É neste momento que também surgem às conversas de corredores, já ao final das reuniões, quando alguns participantes comentam os possíveis impactos para a organização das novas informações recebidas.

Estas características complexas da comunicação, o momento, as pessoas envolvidas no processo, os comentários, os gestos dos participantes, a forma com que trocam informações, fazem com que as organizações ainda não consigam perceber a totalidade do processo comunicacional da organização. Um exemplo dessa incompreensão da comunicação pode ser visto nesse relato do Gerente de Marketing, que se reporta a um episódio de vazamento de informação distorcida pelos agentes participantes do processo, e só veio a ser interrompida quando do esclarecimento por parte do provedor.
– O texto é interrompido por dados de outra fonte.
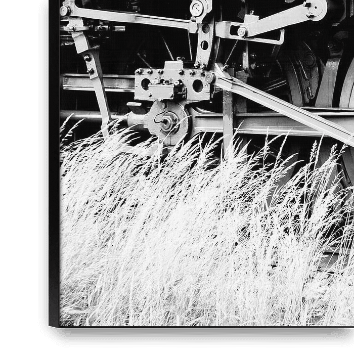 Steam locomotive wheels close up behind the grass growing along the railway track. Black and white photograph.
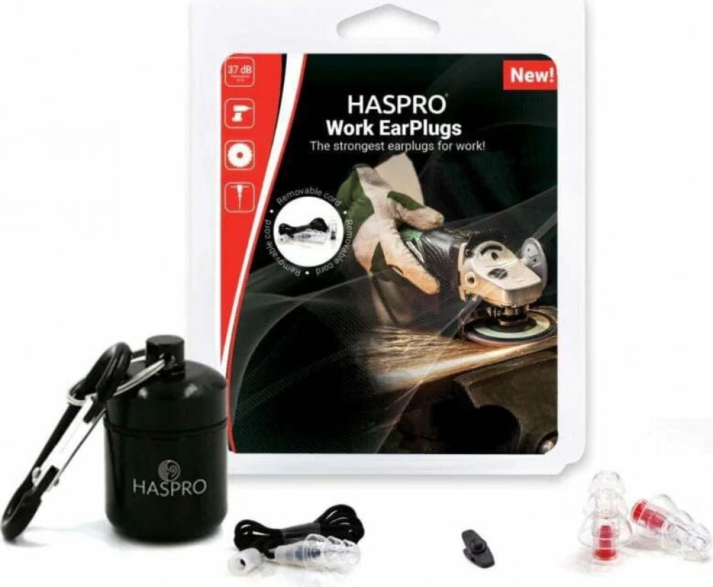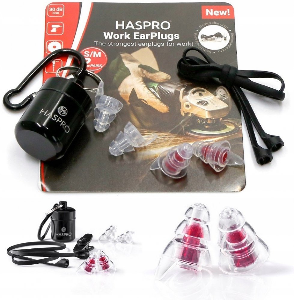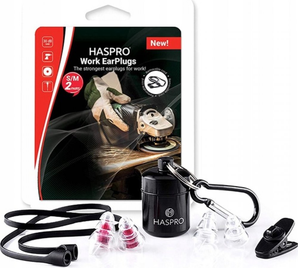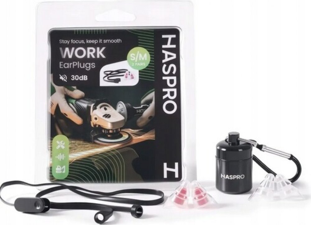 Haspro Work Universal jsou nejsilnější profesionální špunty do uší určené pro práci. Tyto špunty do uší mají velmi vysokou útlumovou schopnost (SNR 30dB), což z nich činí v současné době jedny z nejsilnějších a zároveň nejúčinnějších špuntů do uší v této kategorii. Dokážou tlumit hluk až o 37 dB (vysoké frekvence – tabulka útlumu), tj. hluk, který má negativní vliv na náš sluchový systém. Zároveň však, zajišťují srozumitelnost lidské řeči nebo jiných hlášení a výstražných signálů, jejichž slyšitelnost je nezbytná ve výrobním procesu. Účinná ochrana sluchu při práci . Haspro Work Universal nejenže poskytují vysoké tlumení nadměrného a nebezpečného hluku. Jsou jedny z mála, které umožňují, s tak vysokým útlumem, zachovat komunikaci a slyšitelnost signálů a alarmů, což je při práci zásadní. Bezpečnost, komunikace a ochrana sluchu a zdraví, z nich činí jedny z nejlepších špuntek do uší pro práci, které jsou na trhu k dispozici. Skvělá sada – dlouhá životnost 2 kusy špuntek do uší ve velikosti S-Small 2 kusy špuntek ve velikosti R-Regular Tlumící a prodyšný filtr - SNR: 30 dB Materiál: hypoalergenní silikon Hliníkové praktické pouzdro Volná komunikace s jinou osobou Šňůrka + bezpečnostní spona

A instituição tem colocado em prática algumas ações na tentativa de reduzir custos, para que tenhamos um maior resultado no final do período, mas algumas informações vazaram e o que chegou aos ouvidos de muitos colaboradores foi que a Santa Casa não mais pagaria o plano de saúde dos funcionários. O provedor da instituição na festa de São João dos colaboradores pegou o microfone e falou que esta informação não procedia, que continuaria pagando os oitenta por cento do plano de saúde. (Entrevista concedida em maio/2010.)

É claro que as organizações não conseguirão transformar todo tipo de interação em uma comunicação organizacional eficiente e eficaz, pois como vimos no capítulo três dessa dissertação, a comunicação é um processo improvável. E isso se torna mais visível quando os departamentos responsáveis pela gestão da comunicação estão voltados exclusivamente para a produção de mídia interna e externa.

O único departamento de comunicação a que os pacientes/clientes têm acesso é a Ouvidoria, que recepciona as informações, sugestões e reclamações dos clientes e transmite para os setores responsáveis, que deveriam emitir uma resposta para a Ouvidoria, que entraria em contato com o cliente. Mas, esse processo, como já descrevemos, não é assim tão simples, e está sujeito às barreiras intrínsecas à comunicação formal.

Segundo Curvello (2008), mesmo com o reconhecimento do caráter bidirecional da comunicação por parte dos profissionais e da academia, na prática, o que predomina nas organizações ainda é o modelo de transmissão. Dessa forma, o que percebemos é que ainda há uma série de obstáculos e dificuldades que precisam ser superados pela instituição para que a comunicação possa ser percebida como fenômeno, ultrapassando a visão instrumental que ainda impera neste ambiente organizacional.